Rue de Viarmes: The Circular Street Around the Bourse de Commerce and the Most Geometrically Perfect Address in the 1st Arrondissement

Rue de Viarmes holds a distinction entirely its own among the streets of the 1st arrondissement: it is a circular street, tracing the full circumference of the Bourse de Commerce building — the former grain market and now the home of the Pinault Collection — in a ring of approximately two hundred metres that makes it one of the most geometrically distinctive addresses in Paris. To walk along Rue de Viarmes is to walk in a circle around a building, an experience of urban geometry that is entirely without parallel in this part of the city.

The name derives from Charles Huchet de la Bédoyère, Comte de Viarmes, who served as Prévôt des Marchands — effectively the mayor of Paris — from 1758 to 1764 and was directly responsible for the construction of the Bourse au Blé, the great circular grain market that Rue de Viarmes encircles. His name was given to the street that rings the building he commissioned, creating a perfect symmetry between the administrator, his building and the street that orbits it.

1. The Bourse de Commerce and Its Extraordinary History

The Bourse de Commerce — whose circular form determines the circular form of Rue de Viarmes — was constructed between 1763 and 1769 to designs by Nicolas Le Camus de Mézières as a purpose-built grain market. Its circular form was adapted from ancient models and was ideal for a market where buyers and sellers could circulate continuously around the central display floor.

The building was subsequently given a pioneering cast-iron and glass dome designed by François-Joseph Bélanger — one of the most technically innovative structures in France, anticipating by decades the iron-and-glass architecture of the great railway stations.
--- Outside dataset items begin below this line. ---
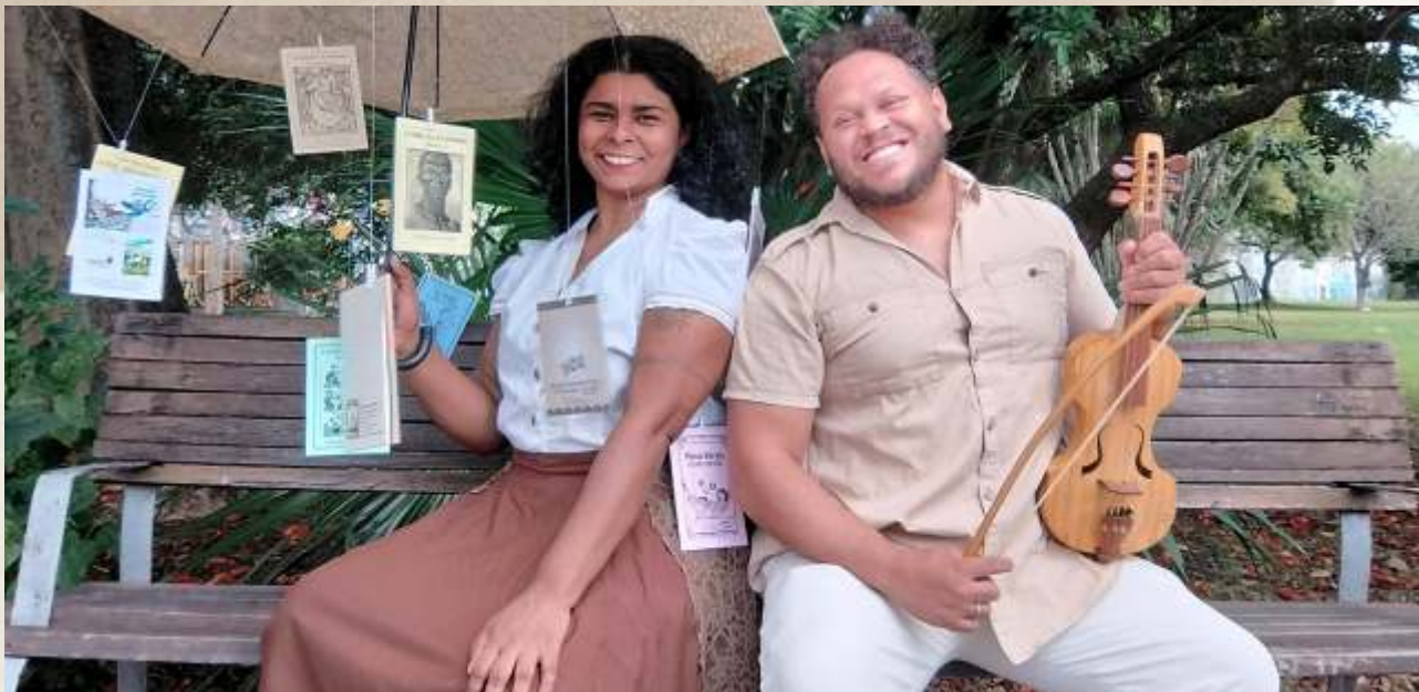
Nossas Histórias Escritas em Cordéis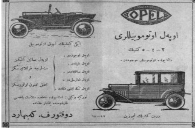
Şekil 8. II. Meşrutiyet'in ilanından sonra basılmış, illüstrasyonla desteklenmiş bir otomobil reklamı

(Figure 8. Illustration was used for designing an automobile advertisement which was printed following the proclamation of the Second Constitution)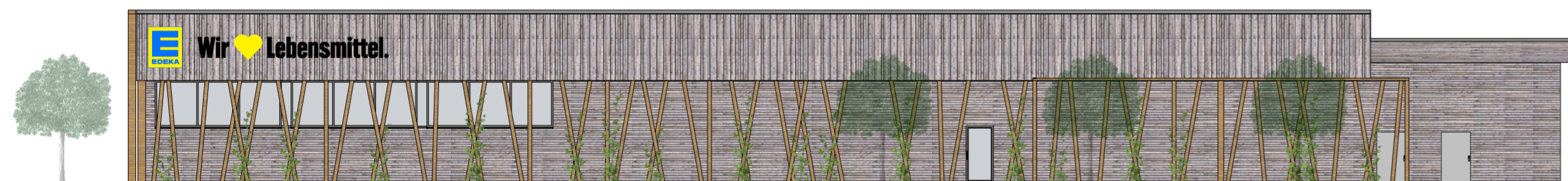
ANSICHT VON OSTEN M 1:200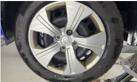
Jant kapağı seti > Çizik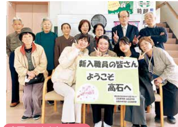
高石みみともセンター 高石ブロック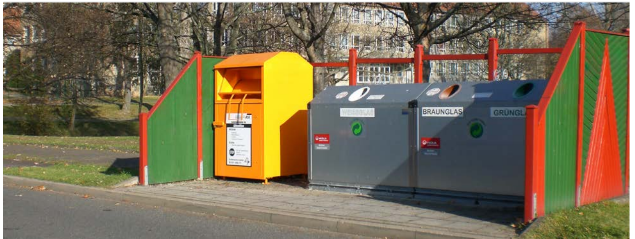
An vielen Wertstoffinseln bietet der ASR weiterhin orangefarbene Alttextilcontainer.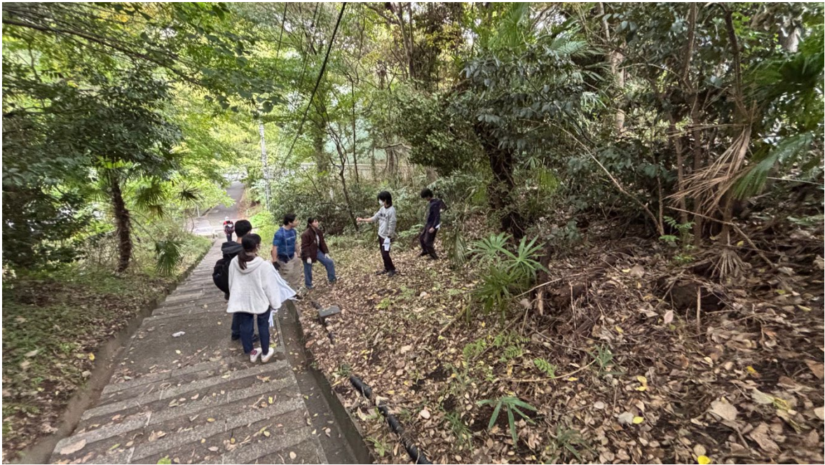
図2 日吉キャンパスを舞台にした中高大連携「日吉の森実習」の様子。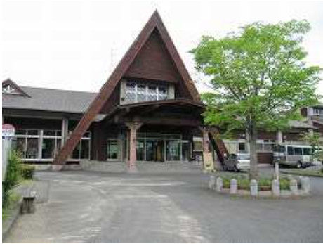
とりごえ温泉 栖の宿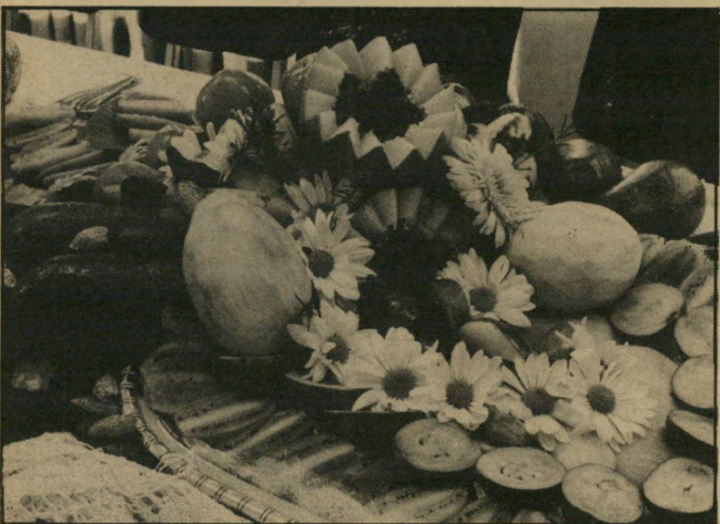
סידור שולחן פירות לט"ו בשבט אפשר לסדר אותם יפה

— אגב אוכל, ט"ו בשבט בשער. זכרו שאוכלים הרבה פירות, ותראו כמה יפה אפשר לסדר אותם. את התמונה שלחו לי ממועצת-הפירות.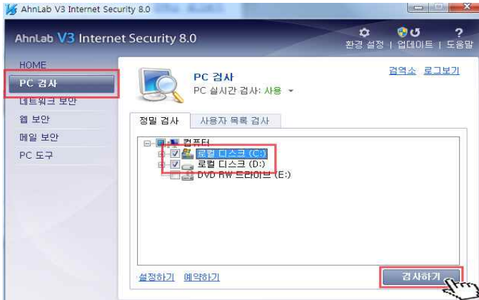
3. PC 검사 -> 로컬디스크 체크 -> 검사하기 클릭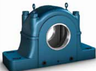
Chumacera de bloque de almohada divididas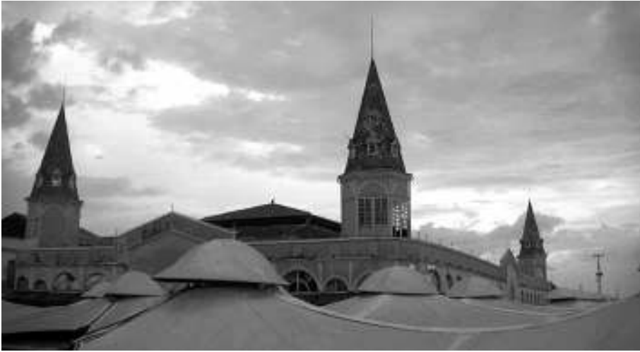
Detalles de las tiendas

vista Caras 1 la escogiera como una de las Siete Maravillas de Brasil. Su efervescencia máxima, tanto desde el punto de vista comercial como cultural, es en el mes de junio, cuando se celebran las fiestas de san Juan y las personas acuden al lugar en busca de hierbas para el tradicional baño de san Juan. 2 Lo mismo ocurre en el mes de octubre, cuando se celebra la fiesta del Cirio de Nazaré. 3 En esa ocasión los ingredientes más buscados son hojas de yucas, pomarrosas, patos, ya que forman parte de la preparación del almuerzo tradicional del segundo domingo de octubre.

Most recently, it was converted into the home of the Pinault Collection by Tadao Ando, who inserted a new cylindrical drum of raw concrete within the historic circular shell, creating one of the most discussed museum interiors in recent European architectural history.

2. The Geometry of the Street

The experience of walking along Rue de Viarmes is unlike any other street experience in the 1st arrondissement. The street curves continuously, following the circumference of the building at its centre. This geometric specificity gives the address an identity that is immediately recognisable and entirely its own — a street not simply on a block but in a figure-and-ground relationship of unusual intimacy with its landmark building.

3. Urban Context

Rue de Viarmes forms a complete circle around the Bourse de Commerce building in the 1st arrondissement, with connections to the Rue du Louvre and the Rue Coquillière. The street is served by the Châtelet-Les Halles and Louvre-Rivoli metro stations.

4. The Residential Market and Property Prices

The residential market is shaped by the extraordinary proximity to the Pinault Collection and the geometric uniqueness of the address:

- €15,000 to €19,000 per m² for standard apartments on the outer ring

- €19,000 to €24,000 per m² for renovated properties with quality finishes

- €24,000 per m² and above for exceptional properties with views of the Bourse dome

Rue de Viarmes is the only circular street in this area of central Paris — a street whose geometry is determined entirely by the building it encircles, and whose history connects the eighteenth-century grain trade, the nineteenth-century commodity exchange and the twenty-first-century art museum in a single continuous address in the 1st arrondissement.